Proper method to hook a _usercall?

[Tanaris4]

So I'm trying to hook this function:

Code:

void *__usercall WardenModule__Load<eax>(const void *modulePointer<eax>, unsigned int moduleSize<edx>, int a3<ecx>)

I realize that the return value is actually stored in eax, and I can't simply just hook the function as above, i.e. I may need to save all the registers, then restore them before finishing my hook function. Is there a guide posted somewhere on this?

Or should I literally just hook the function with NO arguments, and then read values from the registers via assembly to save, do some work, then restore to the previous value? And if so, are there certain registers I have to store?

Thanks in advance!

Edit: Found this thread: http://www.mmowned.com/forums/world-...ow-code-c.html

So I'm assuming I just need to do:

Code:

	push 0xDEADBABE		//   Placeholder for the return address
		pushfd				//   Save the flags and registers
		pushad
		//-- Something useful goes here :)
		popad				//   Restore the registers and flags
		popfd
		ret					//   Return control to the hijacked thread

[MaiN]

So I'm trying to hook this function:

Code:

void *__usercall WardenModule__Load<eax>(const void *modulePointer<eax>, unsigned int moduleSize<edx>, int a3<ecx>)

I realize that the return value is actually stored in eax, and I can't simply just hook the function as above, i.e. I may need to save all the registers, then restore them before finishing my hook function. Is there a guide posted somewhere on this?

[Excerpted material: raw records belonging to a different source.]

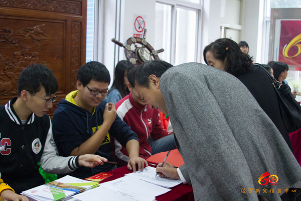 志愿者们穿着统一,引导签到。有的老员工为回报母校教育之恩进行捐赠,为母校的建设献出自己的一份力量。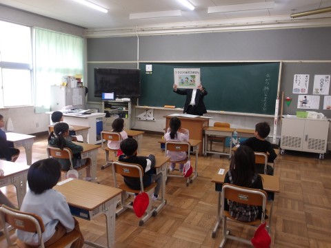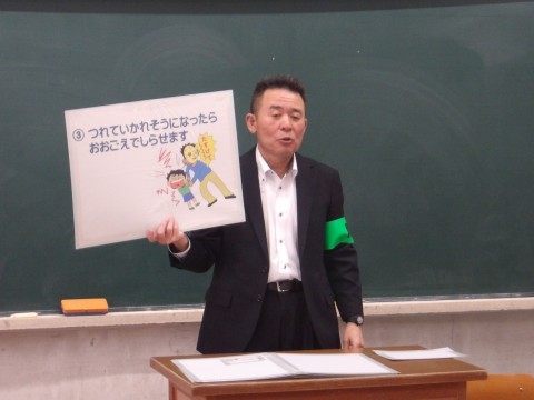 堺南警察のおまわりさんに来ていただき,誘拐されないように気をつけることをわかりやすく教わりました。ありがとうございました。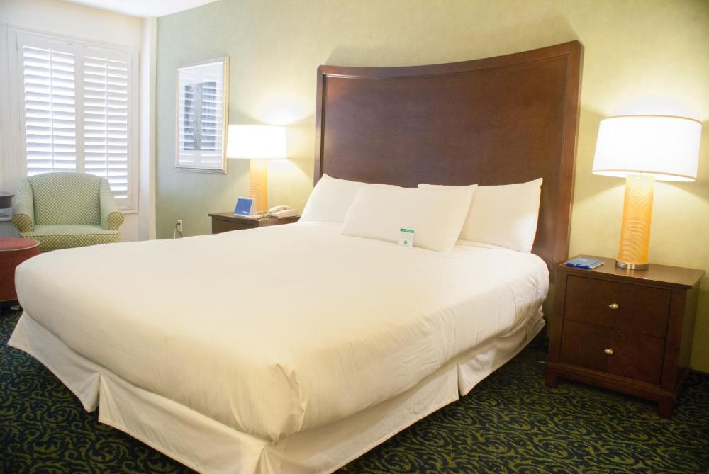 This room features a flat-screen cable TV, a refrigerator, a clock radio, a hairdryer, and an iron and ironing board.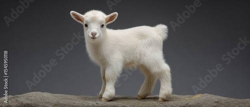 © Aventurine, Fototapeta premium A young white goat kid stands on a textured surface against a plain grey background.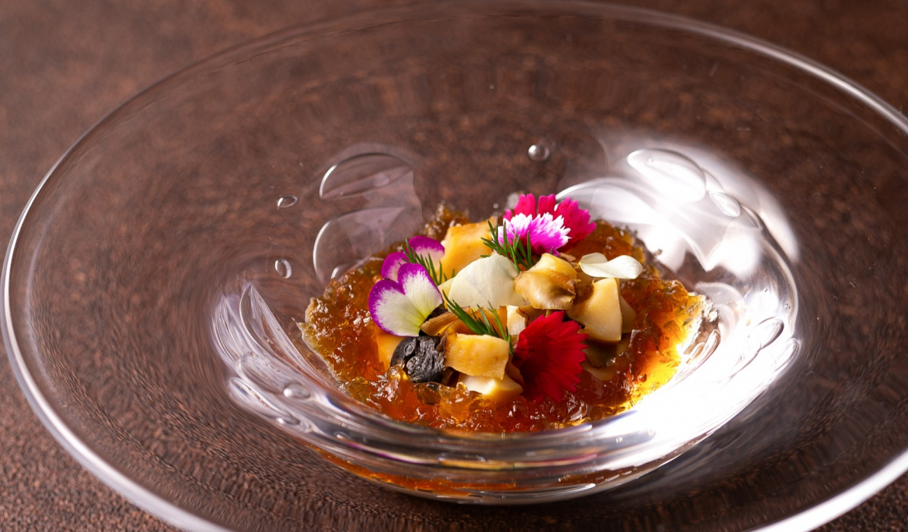 2種のアミューズと前菜につづいて、スペシャリテにはオマール海老のジュレと磯の香り豊かな栄螺のマリネ。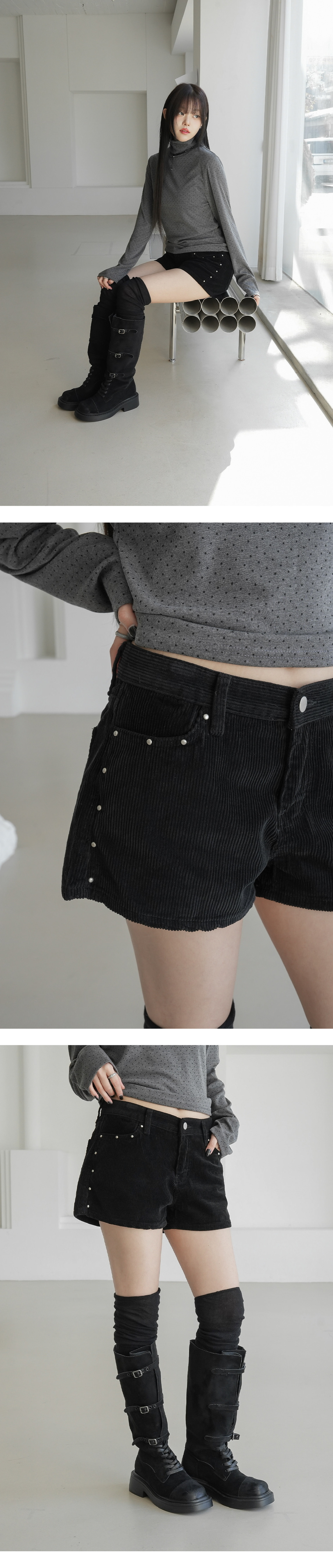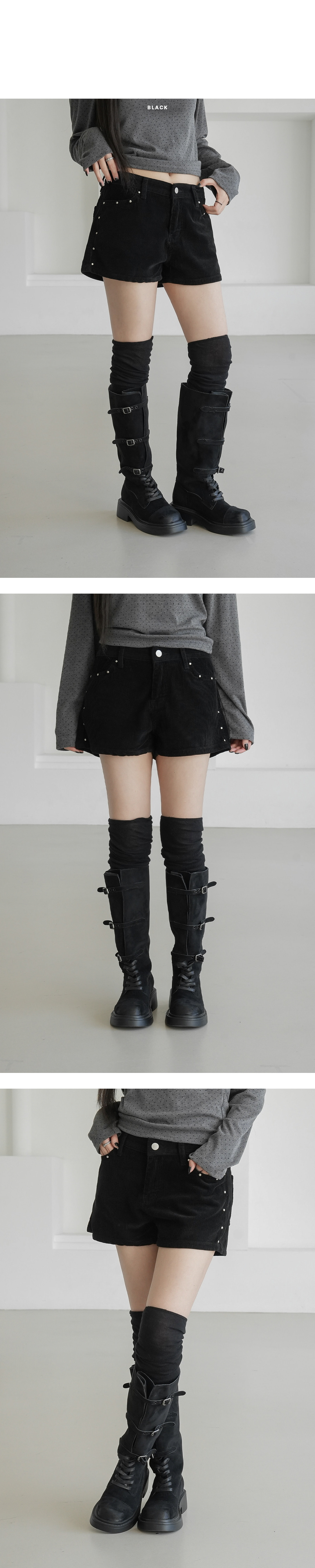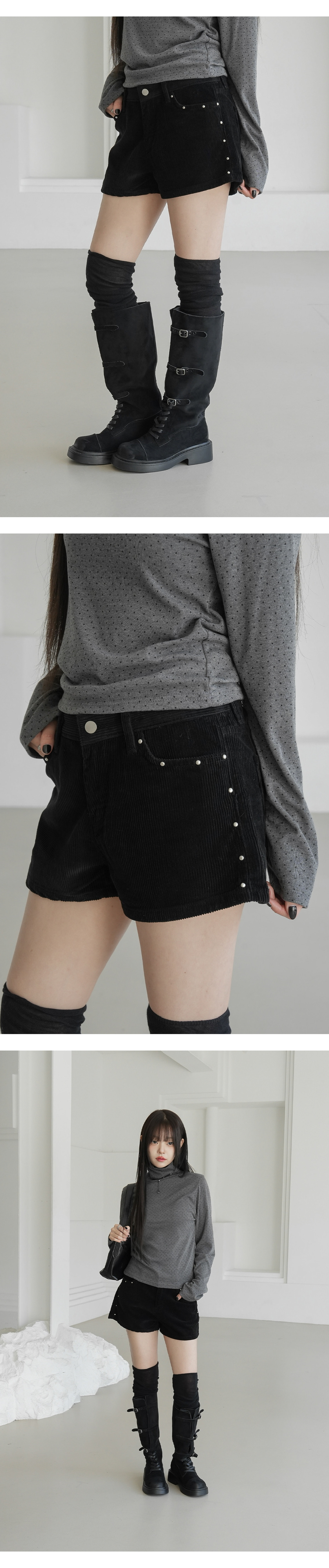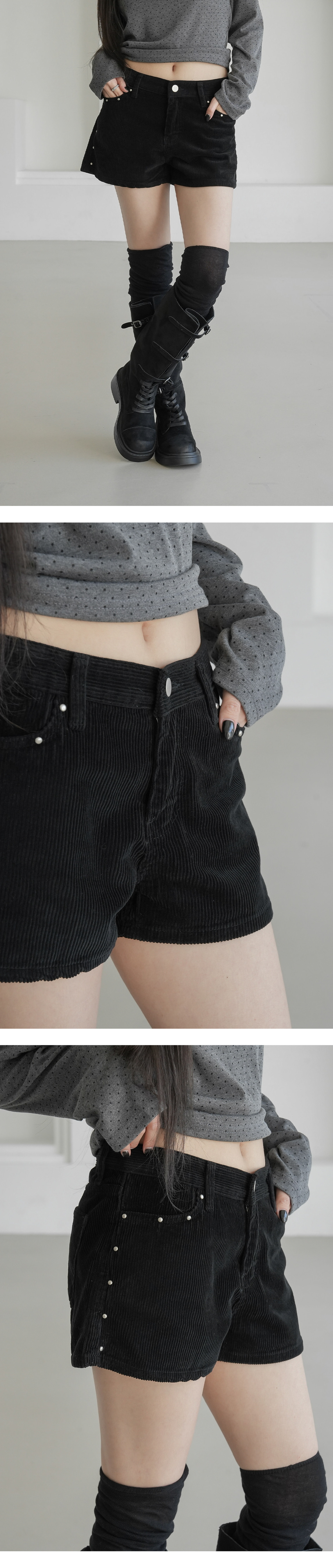 【優惠預訂】韓國燈芯絨窩釘短褲(3色)

Or should I literally just hook the function with NO arguments, and then read values from the registers via assembly to save, do some work, then restore to the previous value? And if so, are there certain registers I have to store?

Thanks in advance!

Edit: Found this thread: http://www.mmowned.com/forums/world-...ow-code-c.html

So I'm assuming I just need to do:

Code:

    push 0xDEADBABE        //   Placeholder for the return address
        pushfd                //   Save the flags and registers
        pushad
        //-- Something useful goes here :)
        popad                //   Restore the registers and flags
        popfd
        ret                    //   Return control to the hijacked thread

Hex-Rays is wrong about those function signatures 99% of the time. I suggest you check how it looks in ASM. You will see the proper calling convention, and it's almost certainly a normal thiscall, stdcall or cdecl. I haven't seen any function in the new WoW that has another calling convention than one of those 3. Only place I have seen that is in the actual Warden module, and that's because of its polymorphism.

To answer your actual question, I suggest you declare the hook as naked and use inline ASM to clean whatever you need to clean and call the original function. You won't almost never need to do this, except when you are going cross-compiler - for instance, if you are injecting a GCC compiled DLL into WoW, then some of the calling conventions will differ - for instance thiscall in GCC pushes the 'this' pointer onto the stack, while thiscall in MSVC hold 'this' in the ECX register.